As the Senate preened and flexed its Constitutional authority to lend its "advice and consent" to the president concerning nominations to the Supreme Court, some Senators no doubt wished they could flee from the daunting task of contriving questions to which nominee John Roberts could not possibly respond. But the question that you can assure yourself no Senate critic would ever pose to John Roberts would be one with which Roberts would find himself quite comfortable: "If the Supreme Court declared one plus one to now equal three, would that make it so?" And the answer that you can assure yourself you would never hear from John Roberts would sound something like this: "Hmmm ... that’s a good one; I’ll have to get back to you on that."
Actually, the more pertinent question — and one that would never grace a senator’s lips — would be this: "If the Supreme Court ordained that the Constitution possessed an emanating penumbra, would that make it so?" John Roberts would find the response effortless; it would sound something like this: "Whaaaa … ?"
A what, you ask?

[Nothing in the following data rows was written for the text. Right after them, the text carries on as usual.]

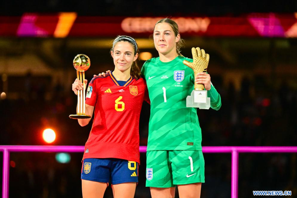 SIDNEY, 20 agosto, 2023 (Xinhua) -- Aitana Bonmati (i), de España, y la guardameta Mary Earps, de Inglaterra, reciben los premios Balón de Oro y Guante de Oro, respectivamente durante la ceremonia de premiación en la Copa Mundial Femenina de la FIFA Australia y Nueva Zelanda 2023, en Sídney, Australia, el 20 de agosto de 2023. (Xinhua/Zhu Wei)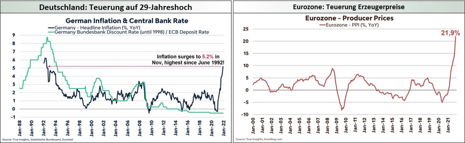 Im November 2021 beträgt die Inflation der Verbraucherpreise in Deutschland voraussichtlich 5,2% gegenüber dem Vorjahresmonat, so das Statistische Bundesamt aktuell. Legt man den Harmonisierten Verbraucherpreis Index (HVPI) zugrunde, liegt die jährliche Inflation sogar schon bei 6,0%.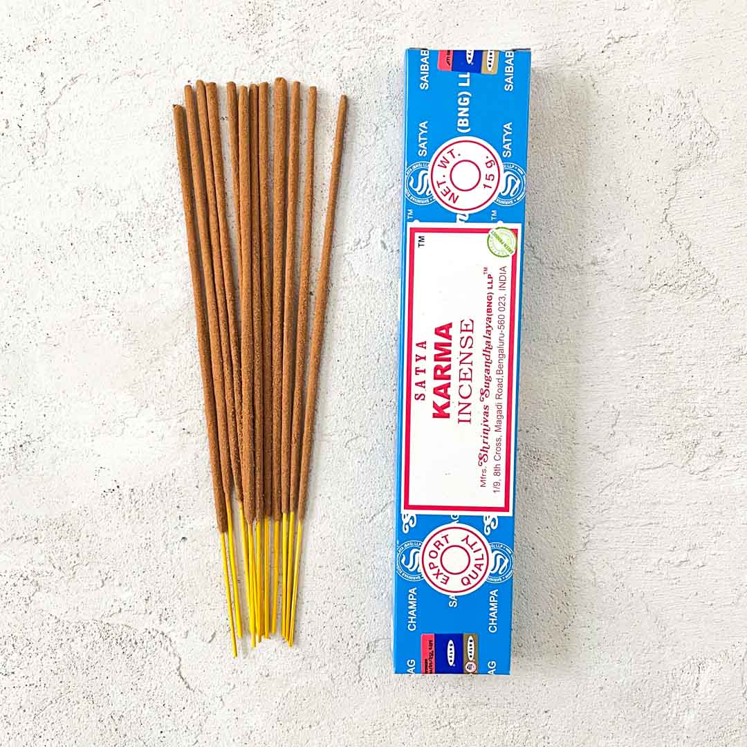 Kadzidełka zostały wykonane ze sproszkowanej masy roślinnej z dodatkiem olejków zapachowych. Zapach KARMA to połączenie aromatu drzewa sandałowego z paczulą, cytryną i miłorzębem.

A "penumbra"? Yes, indeed; the Supreme Court once found one in the "emanations" — the Court’s word — of the 10 amendments that comprise the Bill of Rights (and in the 14th Amendment, through which the Bill of Rights applies to the states). For printed matter like the Constitution, you would find a "penumbra" somewhere between the lines, in the seemingly vacant spaces between the letters themselves; not really there, but, rather, that blurry and indistinct shadow that seems to appear when you stare between two lines of text for a really, really long time. (And precisely how anything "emanates" from the "penumbra," I have not a clue.)
To his critics, Roberts actualized the dilemma of all dilemmas: an unpretentious jurist who abides by the geeky notion that a jurisprudence of Constitutional law ought to begin and end with the words in the Constitution. After all, a lot of folks in Philadelphia in 1787 and in various Congresses since then gave the Constitution and its XXVI amendments a lot of thought, and the folly that the various authors neglected to scribble in some "right" on their "to-do" list remains as implausible as "emanating penumbras."
Nonetheless, some "penumbra" devotees cuddle the ethereal view — and I’m not making this up — that "(o)ne’s philosophy, one’s experiences, one’s exposure to the raw edges of human existence, one’s religious training, one’s attitudes toward life and family and their values, and the moral standards one establishes and seeks to observe, are all likely to influence and to color one’s thinking and conclusions" about the Constitution. Those very words appear in one of the two opinions in which the Supreme Court detected "emanations" from a Constitutional "penumbra." Their author should have followed those thoughts with these words: "And if a judge proves unable to eliminate those distractive influences from the judicial decision-making process, then that judge ought to consider another line of work" — like astronomy.
Speaking of which, some years ago a few ambitious stargazers discerned another Constitutional phenomenon that had endured undetected by the brightest of minds for dozens of decades: a theretofore-unnoticed "privacy" right neither mentioned in the Constitution itself nor referenced anywhere in the well-chronicled history of both the Constitution and its various amendments. Its source? These words in the Constitution’s 14th Amendment: "No State shall … deprive any person of life, liberty, or property, without due process of law(.)"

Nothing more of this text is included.